*Dataset extract*

+===+

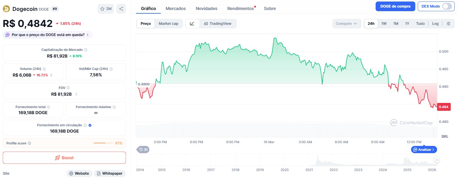 Dados do CoinMarketCap mostram que a DOGE opera em queda de 1,8% nas últimas 24 horas, acompanhando o movimento de baixa do Bitcoin devido ao temor mundial sobre a volta da inflação.
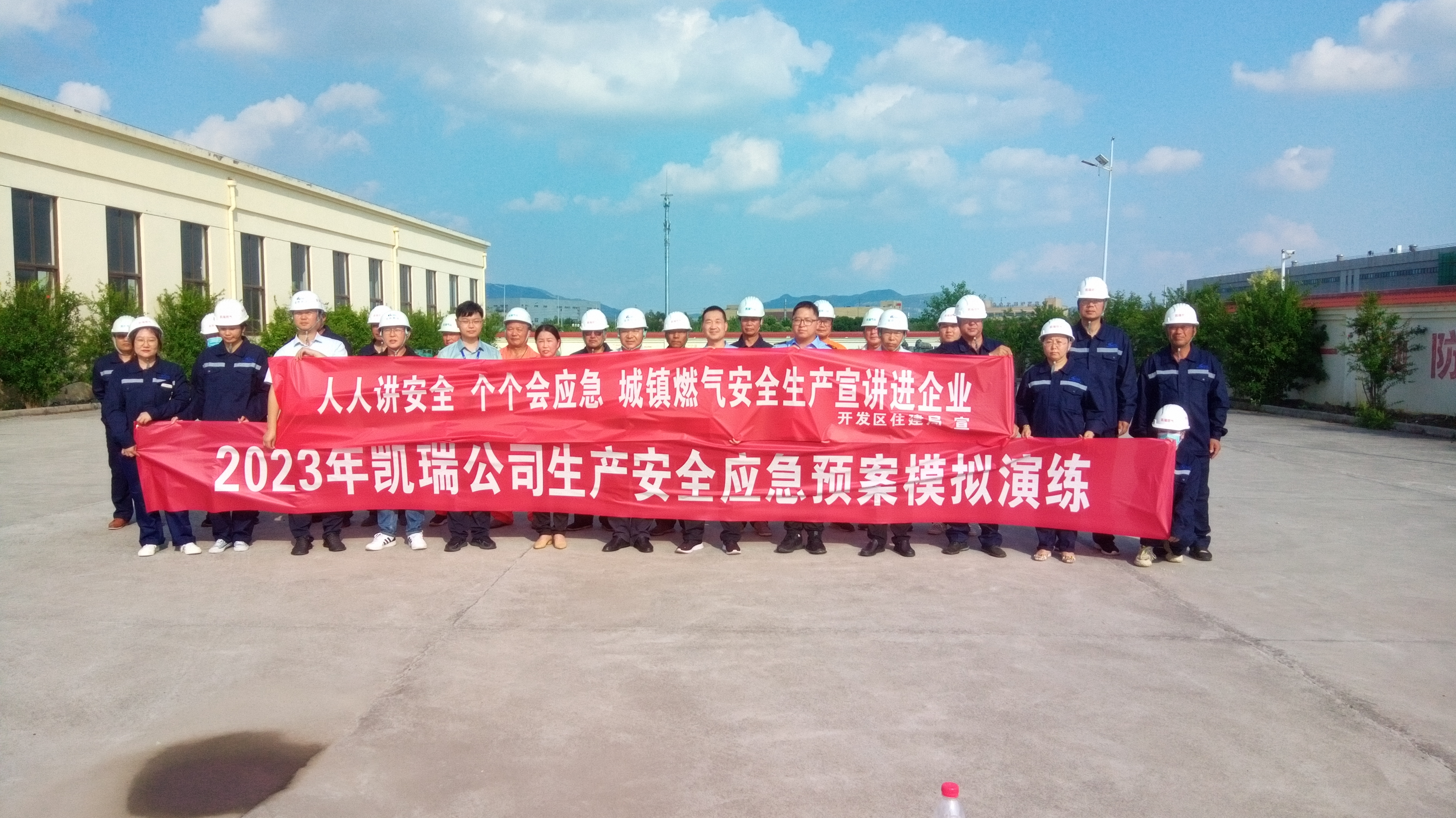 随着口令发出,演练正式开始:现场模拟液化石油气气瓶在装车过程中,押运人员发现已装上配送车辆的气瓶角阀部位有漏气现象。经初步关闭操作,无法起到关闭效果,大量液化石油气泄露后,引发火灾事故。押运人员发现事故后迅速上报,应急指挥部接报告后立即启动应急响应,应急小组分工实施抢险救援,迅速开展人群疏散管控、堵漏、灭火、环境监测等工作,经过半小时的救援,成功地排除了险情。现场出动抢险车1台,液化石油气瓶运输车1台,凯瑞公司抢险处置人员20余名,共成立演练总指挥、现场指挥、物资供应、抢修救援、现场处置、医疗救护、专家点评7个小组。演练过程紧张有序,参演人员反应迅速规范,具有很强的针对性与指导性。
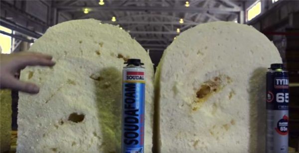 Какая монтажная пена лучше? Та, в которой больших полостей меньше - Очень быстрая, практически моментальная полимеризация (например, Soudal 2K). Применяются в работах на высоте, когда ждать даже 30 минут невозможно. Они используются промышленными альпинистами при монтажных и ремонтных работах.
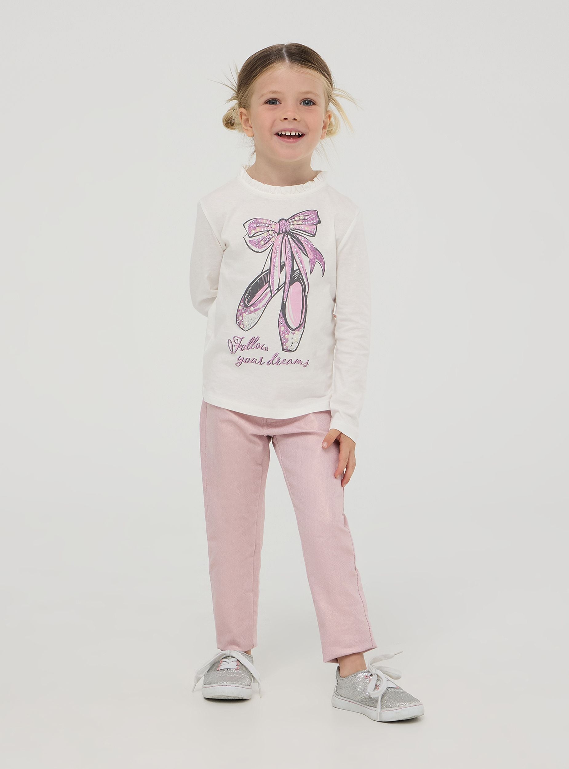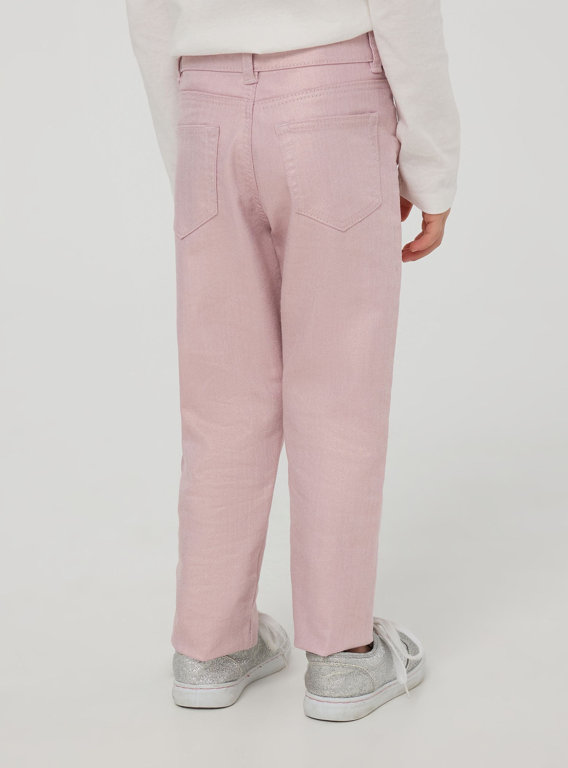 Pantaloni da bimba con design a 5 tasche, caratterizzati da una finitura spalmata che conferisce un aspetto brillante. Presentano una chiusura con bottone con cuoricino e un elastico interno in vita per una migliore vestibilità. Questi pantaloni sono ideali per un look moderno e confortevole, adatti per l'uso quotidiano o per occasioni speciali.Podrobnosti

+===+

*About this task*
Repeat the data exactly, without the pictures.

*Response*
 Dados do CoinMarketCap mostram que a DOGE opera em queda de 1,8% nas últimas 24 horas, acompanhando o movimento de baixa do Bitcoin devido ao temor mundial sobre a volta da inflação.
 随着口令发出,演练正式开始:现场模拟液化石油气气瓶在装车过程中,押运人员发现已装上配送车辆的气瓶角阀部位有漏气现象。经初步关闭操作,无法起到关闭效果,大量液化石油气泄露后,引发火灾事故。押运人员发现事故后迅速上报,应急指挥部接报告后立即启动应急响应,应急小组分工实施抢险救援,迅速开展人群疏散管控、堵漏、灭火、环境监测等工作,经过半小时的救援,成功地排除了险情。现场出动抢险车1台,液化石油气瓶运输车1台,凯瑞公司抢险处置人员20余名,共成立演练总指挥、现场指挥、物资供应、抢修救援、现场处置、医疗救护、专家点评7个小组。演练过程紧张有序,参演人员反应迅速规范,具有很强的针对性与指导性。
 Какая монтажная пена лучше? Та, в которой больших полостей меньше - Очень быстрая, практически моментальная полимеризация (например, Soudal 2K). Применяются в работах на высоте, когда ждать даже 30 минут невозможно. Они используются промышленными альпинистами при монтажных и ремонтных работах.
 Pantaloni da bimba con design a 5 tasche, caratterizzati da una finitura spalmata che conferisce un aspetto brillante. Presentano una chiusura con bottone con cuoricino e un elastico interno in vita per una migliore vestibilità. Questi pantaloni sono ideali per un look moderno e confortevole, adatti per l'uso quotidiano o per occasioni speciali.Podrobnosti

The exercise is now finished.